A bouncer followed a patron into a Greenwich Village, N.Y., restaurant bathroom after the gay pride parade on June 24, and let's just say he did not engage in toe-tapping. His purpose: to check out a report that a man was in the ladies room. As it turned out, the "man," a 28-year-old woman named Khadijah Farmer, was guilty of nothing more than peeing while butch. When the bouncer banged on her stall door, Farmer says, she replied, "I'm a female, and I'm supposed to be in here." Once out of the stall, she offered her I.D. as proof. The bouncer nevertheless threw Farmer, her partner and a friend out of the restaurant -- margarita megastore Caliente Cab -- after making them pay for their appetizers.

When Caliente refused to negotiate, the Transgender Legal Defense and Education Fund -- which fights bias on the basis of gender identity and expression, regardless of transgender status -- sued on Farmer's behalf, charging that the restaurant violated city and state laws against discrimination. Farmer, whose short hair and men's clothing lend her little resemblance to the hourglass silhouette on the ladies room door, has made clear that while rattled by this particular confrontation, she's used to this kind of confusion -- and that for her the goal of the lawsuit is to help prevent the same thing from happening again. (Coverage of the lawsuit on the New York Times City Room blog suggests, naively, that a woman making a stir in the ladies room is some sort of first. I'm sure plenty of "masculine" women would beg to differ.)

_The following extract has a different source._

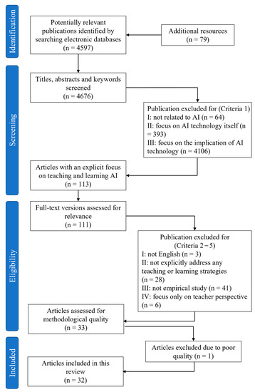 Criterions 2–5 were then applied to assess the relevance and quality of these 111 publications. The full-text version of each article was retrieved and reviewed to determine whether the study contained descriptions of T&L strategies or plans, or detailed information on how to conduct AI courses or projects. In total, 28 studies were excluded following the application of criterion 2. Other papers were excluded because they were not in English (n = 3), not empirical studies (n = 41), or not targeted at students but instead teachers (n = 6). After the exclusion of one paper for poor methodological quality, 32 papers (Appendix A) remained for analysis in this systematic literature review. Figure 1 illustrates the search and selection process.

City law prohibits discrimination on the basis not only of sexual orientation but also of "gender expression." In other words, your boss can't say, "I'm not firing you because you're queer, I'm firing you because you look queer." TLDEF argues that state law -- which prohibits discrimination on the basis of orientation only -- should also be interpreted so as to protect people from sexual stereotyping. TLDEF has demanded that the restaurant adopt an anti-discrimination policy and train its staff to comply with it and all relevant laws.

It's one thing for a patron, not to mention the bouncer, to have made a sincere gender goof; the real mistake was the business with the I.D. and the appetizers, not to mention the restaurant's stubborn and frankly weird failure to bounce the bouncer and try to make it all go away with some free fajitas. This is all part of a much larger ongoing conversation about gender discrimination, who can use what loo when, and whether we'd all be better off with genderless Ally McBathrooms. Whether or not this particular lawsuit sticks, it appears that the lousy P.R. -- hello, Greenwich Village; hello, boycott -- may in some sense be punitive, and precedent, enough.